Am folgenden Mittag kamen Felsenherz und die seinen am Apachensee an. Sofort wurde der Bach, der den See speiste, abgedämmt und der Abfluss des Sees noch erweitert und vertieft.

Diese Arbeit nahm die Weißen und die Neger bis zum Abend in Anspruch, hatte dann jedoch auch den erhofften Erfolg. Der Wasserspiegel des Sees hatte sich so weit gesenkt, dass man nach den vier Goldsäcken tauchen, Lassos daran befestigen und sie aus der Tiefe heraufholen konnte.

Noch in derselben Nacht brach man dann zum nahen Pecos auf, wo für die Auswanderer und Toms Leute ein neues Floß hergestellt wurde.

Felsenherz hatte dem alten Meister Döring einen der Goldsäcke übergeben und ihm geraten, sich unten im Süden an der Grenze von Mexiko eine große Farm zu kaufen und die Neger als Arbeiter bei sich zu behalten, womit diese ganz einverstanden waren. Nur Tom Brack wollte hiervon nichts wissen.

»Meine Mutter war eine Delawarin«, sagte er stolz. »Tom liebt die Wildnis. Tom wird ein Trapper wie Felsenherz!«

Nach herzlichem Abschied schwammen die Auswanderer und die Schwarzen auf ihrem Floß den Pecos abwärts, winkten noch lange den drei Zurückbleibenden zu.

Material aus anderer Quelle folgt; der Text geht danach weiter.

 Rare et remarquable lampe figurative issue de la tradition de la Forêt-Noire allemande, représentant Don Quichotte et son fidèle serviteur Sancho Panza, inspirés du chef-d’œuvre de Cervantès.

Als das Floß verschwunden war, wurde das übrige Gold an einer besonders reißenden Stelle des Flusses versenkt. Dort ruht es noch heute, dort kann es die Habgier den Menschen nie mehr entflammen.

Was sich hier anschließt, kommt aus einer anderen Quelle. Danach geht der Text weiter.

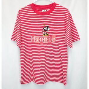 Vintage Disney Store Minnie Mouse T-Shirt Adult Striped Embroidered Tee Medium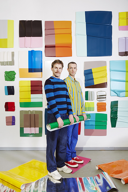 ROTTEVEEL VERMEER荷蘭藝術雙人組,是由Jochem Rotteveel 與Thomas Vermeer 於2021年組合,以對色彩的共同熱情展開創作。兩人分別來自當代藝術與時尚領域,卻自然地在創作中交匯,以乙烯箔片(塑膠箔片)作為媒材,在鋁塑複合板上創作——融合繪畫與雕塑的特性,挑戰色彩、材質與空間的界限。其創作手法在平面上加入摺疊與體積,探索二維與三維的交界;無法實體混色的材質,則透過光線與觀者的視覺經驗達成光學混色。他們的牆面創作為展覽場域量身打造,展期結束即拆除,質疑藝術是否需要永恆存在,轉而強調觀看當下的瞬間價值。

Die Familie Döring und die befreiten Sklaven erreichten glücklich die Ansiedlungen und brachten es in gemeinsamer Arbeit zu großem Wohlstand.

Tom Brack, der schwarze Häuptling, sollte jedoch sehr bald ein ruhmvolles Ende bei einem neuen Kampf mit den Apachen finden und wurde dann mit allen Ehren eines tapferen Kriegers nach Indianersitte bestattet.